Ces périphériques inventent au passage un style : plus direct, plus proche de l’auditeur, avec des formats d’interaction que le service public d’alors ne pratique pas.

Côté public, la réorganisation de 1963 met en place les antennes qui existent encore aujourd’hui : France Inter pour le généraliste, France Culture pour le savoir, et une antenne musicale qui deviendra France Musique. FIP naît en 1971 avec un concept radical pour l’époque : de la musique, des infos de circulation, et presque pas de parole.

1981 : la libéralisation

C’est la rupture. L’autorisation des radios libres met fin au monopole et ouvre la bande FM à des centaines d’initiatives, après des années de radios pirates.

L’effet est immédiat et massif. Des radios associatives, communautaires, militantes, musicales apparaissent partout. Beaucoup disparaîtront en quelques années ; certaines deviendront des groupes nationaux. NRJ, née en 1981, est l’exemple le plus spectaculaire de cette trajectoire — d’une radio libre parisienne au premier groupe radio privé français.

D’autres marques d’aujourd’hui viennent de cette période : Radio Nova la même année, Skyrock en 1986, OUI FM en 1987. Le paysage musical français actuel est, pour l’essentiel, le produit direct de cette poignée d’années.

La régulation suit : une autorité indépendante est créée pour attribuer les fréquences — rôle assuré aujourd’hui par l’Arcom. Le spectre FM étant physiquement limité, cette attribution reste un enjeu majeur pour les stations.

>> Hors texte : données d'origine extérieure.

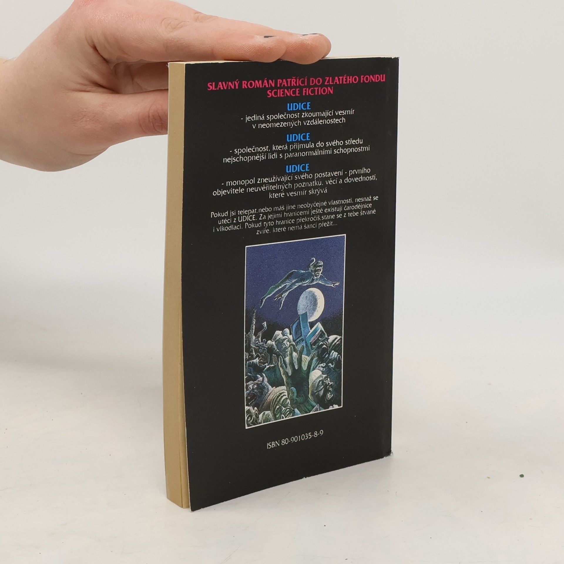 Udice – jediná společnost zkoumající vesmír v neomezených vzdálenostech. Udice – společnost, která přijmula do svého středu nejschopnější lidi s paranormálními schopnostmi. Udice – monopol zneužívající svého postavení – prvního objevitele neuvěřitelných poznatků, věcí a dovedností, které vesmír skrývá. Pokud jsi telepat, nebo máš jiné neobyčejné vlastnosti, nesnaž se utéci z Udice. Za jejími hranicemi ještě existují čarodějnice i vlkodlaci. Pokud tyto hranice překročíš, stane se z tebe štvané zvíře, které nemá šanci přežít… -- zdroj: www.legie.info --

Les années 1990-2000 : consolidation et formats

La décennie suivante voit les radios libres se consolider en groupes. Les formats se professionnalisent et se spécialisent : chaque station vise un public défini par l’âge et le goût musical.

C’est aussi la période où la rotation devient la norme dans la radio musicale commerciale : catalogue restreint, titres testés, répétition maîtrisée. Un modèle efficace, et l’origine du reproche de répétitivité qui accompagne ces stations depuis.

En parallèle, la création de franceinfo en 1987 avait ouvert un genre nouveau : l’information en continu, qu’aucune radio européenne ne pratiquait alors.

Les années 2000-2010 : internet entre en jeu

Le streaming apparaît d’abord comme un simple relais des antennes existantes. Puis il crée quelque chose de nouveau : des stations sans fréquence.

C’est le fait majeur de la période. Une webradio n’a pas besoin d’autorisation de diffusion, ne dépend d’aucune limite de spectre, et peut viser un public minuscule mais mondial. Toutes les thématiques que la FM ne pouvait pas porter — dub, drum & bass, new wave, musique traditionnelle, grégorien — deviennent viables.

Les grands groupes déclinent aussi leurs marques en webradios thématiques : les nombreuses variantes de FIP ou de OUI FM relèvent de cette logique. Une marque, plusieurs couleurs musicales, sans coût de fréquence.

Le DAB+ arrive dans le même mouvement, avec un déploiement progressif à partir des années 2010. Pour un comparatif des technologies actuelles, voir FM, DAB+ ou streaming.

Aujourd’hui : trois radios en une

Le paysage français actuel superpose les trois héritages.

La FM porte les grandes marques historiques et reste le mode d’écoute dominant, notamment en voiture. Le DAB+ élargit l’offre terrestre sans passer par le spectre FM. Le streaming rend tout accessible partout et a fait naître une couche de stations qui n’existeraient pas autrement.

Ce qui frappe, avec le recul, c’est la stabilité des marques. Les antennes créées en 1963 et en 1981 sont toujours celles qu’on écoute le plus. Aucune plateforme n’a remplacé la radio comme média d’accompagnement, malgré vingt ans de prédictions en ce sens.

La raison tient peut-être à ce que ce média fait de plus simple, et que personne n’a su répliquer : décider à votre place. C’est le sujet de notre comparaison entre radio en direct et podcast.

Un siècle plus tard, les stations du catalogue portent encore la trace de chacune de ces époques.